This matters for cost optimization. Prompt caching can reduce token costs by up to 90% for repeated prefixes. By carefully structuring which parts of the prompt change between turns and which remain stable, Anthropic minimizes API costs while maintaining full contextual awareness.

The Tool Execution Loop

The tool loop is the core mechanism by which Claude Code executes multi-step tasks. When the model determines it needs to use a tool — reading a file, executing a command, searching code — it emits a tool call, the harness executes it, and the result is fed back into the conversation for the next reasoning step.

The leaked code reveals how Anthropic handles the critical challenges of tool loops:

Permission enforcement — each tool call is validated against the user's permission configuration before execution, with different levels for file reads, writes, and command execution
Error recovery — failed tool calls are caught and fed back to the model with structured error information so it can adjust its approach rather than crashing
Timeout management — long-running operations are bounded by configurable timeouts to prevent the agent from getting stuck in infinite loops
Output truncation — large tool outputs are intelligently truncated to fit within context limits while preserving the most relevant information

For AI Agent Builders: The tool loop design is directly applicable to anyone building custom AI agents. The pattern of structured tool execution with permission gates, error recovery, and output management is a proven production pattern.

44 Feature Flags: What Anthropic Kept Hidden

Perhaps the most widely discussed aspect of the leak was the discovery of 44 compile-time feature flags pointing to unreleased functionality. These features are fully implemented in the source but stripped from external builds via Bun's compile-time dead code elimination. The code is there — 108 feature-gated modules in total — but it compiles to nothing in the version users install.

The unreleased capabilities reveal Anthropic's product roadmap in remarkable detail. Here are the most significant:

KAIROS (Daemon Mode)

Referenced 150+ times in source

Transforms Claude Code into a persistent background agent that proactively monitors your project and takes autonomous action when appropriate.

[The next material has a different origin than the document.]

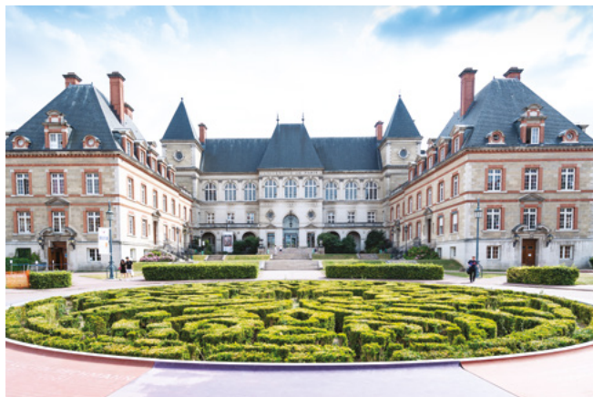
3. Paris Learning Centre at the Cité Internationale Universitaire

ULTRAPLAN (Remote Planning)

Cloud-based task offloading

Offloads complex planning tasks to a cloud container running Opus 4.6 for up to 30 minutes of deep reasoning on architectural decisions.

Coordinator Mode

Multi-agent collaboration

Enables multiple Claude Code instances to coordinate on a shared project with task delegation, conflict resolution, and shared state management.

Voice Mode

Full push-to-talk interface

A complete voice interaction system with push-to-talk controls, allowing developers to direct Claude Code through spoken commands.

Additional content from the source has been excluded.